I found an incredible talk by Elder Richard G Scott To Be Healed April Conference 1994. So many wonderful thoughts, "When you feel you can do no more, temporarily lay your challenges at His feet." " Don’t say, “No one understands me; I can’t sort it out, or get the help I need.” Those comments are self-defeating. No one can help you without faith and effort on your part. Your personal growth requires that. Don’t look for a life virtually free from discomfort, pain, pressure, challenge, or grief, for those are the tools a loving Father uses to stimulate our personal growth and understanding." He talks of getting blessings and trying to trust the Lord and others to help you. I decided to get a priesthood blessing.
My best friend has an incredible husband...granted..I did help them get together and did my best friend job of making sure he had a ring when he proposed, etc. But this is about me..so...back to me...I asked for a blessing when I first realized I was going to need to deal with my abuse...and he was wonderful. I went back to him and asked for another...this time I was concerned about being able to forgive myself and accepting that there was no sin on my part involved with my abuse. (Now..I am not one of those that thinks you need a blessing for every little thing...and one of the best pieces of advice my other dear friend gave me once was to prepare to receive priesthood blessings. To pray and ask God to help you 'hear' what he wants to tell you and what he wants you to know. I feel this advice has been a huge help for me in becoming more receptive to the Spirit and receiving more inspiration and support from my Heavenly Father). He choked up as soon as he started, the Spirit was very strong in the room.
There are several things I will always remember about that blessing. One that will always stand out is when he blessed me to 'believe in Christ and to BELIEVE CHRIST'. I have pondered this phrase ever since. I have repeated it to myself when my negative monologue starts telling me I am no good. I have thought about the difference between believing in something and believing something. If I 'believe Christ' then I must believe the scriptures that talk about repentance and change. I must accept that I was not responsible for what happened and I am forgiven. Pretty heavy concept to spring on someone that has been protecting and nurturing her guilt for 40+ years. I can't say that I have it down yet...but I can say that I don't have that negative feeling in the pit of my stomach nearly as much as before..and when I recognize it is there I can make it leave.

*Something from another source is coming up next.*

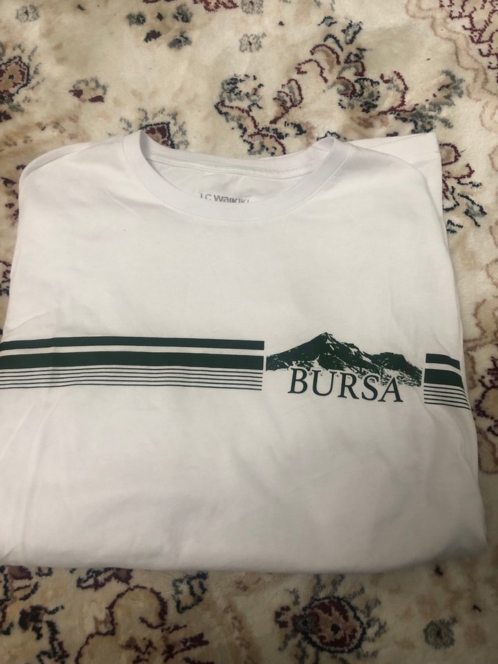Beyaz pamuklu erkek tişörtü, yuvarlak yaka ve kısa kolludur. Üzerinde koyu renk 'Bursa' baskısı ve çizgiler bulunur. Rahat kesimlidir.

I love the quote on my home page by President James E. Faust (The Refiner's Fire)...."Out of the refiner's fire can come a glorious deliverance...it is part of the purging toll exacted by some to become acquainted with God."

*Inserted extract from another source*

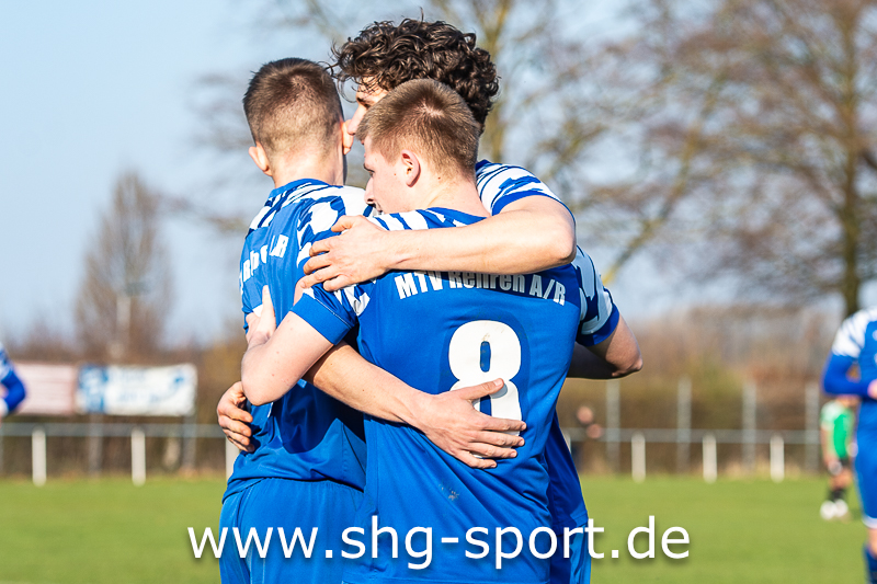 So brauchte es fast 40 Minuten ehe die Gastgeber wirklich gefährlich wurden. Ein Freistoß von der Strafraumgrenze führte dann zur Führung. Julian Lattwesen zirkelte den Ball über die Mauer an den Pfosten, der Ball sprang quer vor das Gästetor und fiel Grittner vor die Füße. Der traf dann zum 1:0 (39.). In der Nachspielzeit der ersten Hälfte trat Lattwesen einen Eckball halbhoch auf Höhe des ersten Pfostens, dort nahm Grittner den Ball volley und erzielte das 2:0 (45.+2). Nach dem Seitenwechsel vermittelte der MTV den Willen, jetzt endlich ernsthafter zu agieren.

I have no idea if I am 'out' of the refiner's fire...or if any of us ever will be..I do think we get a break every now and then...and I try to relish those breaks and gather strength for the next trial. I still struggle with guilt...I was told in counseling I have convinced my head...but not my heart...I believe that is where I am now...but that is not where I will stay...

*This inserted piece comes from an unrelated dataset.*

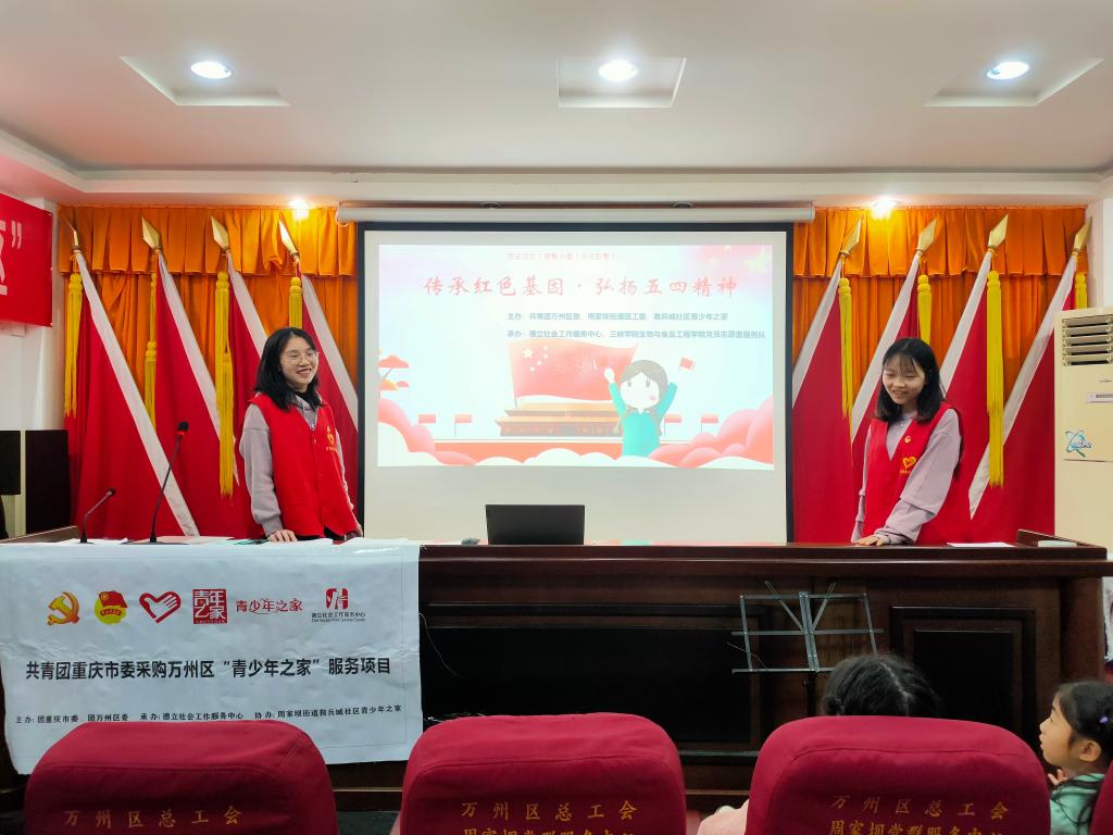 2021年4月24日下午14:00,公司党员志愿服务队联合万州区德立社会工作服务中心举办的“传承红色基因,弘扬五四精神”主题教育活动在万州区救兵城社区党群服务驿站展开。

The words of the prophets are true. We can find peace. We can place our guilt and other sins and negativity at the feet of our Savior and He will give us 'rest'. We must give our sins to Him. We must give Him our sorrows. We must do our part to love Him. I keep thinking of Elder Hollands fabulous talk October 2012 (The First Great Commandment) when he bore his testimony of his desire to stand before God and tell Him he loves him. When we can do this we will truly know peace. We will all be able to 'stand tall and breathe'. This is my goal and I know it is possible...I will keep trying until it happens.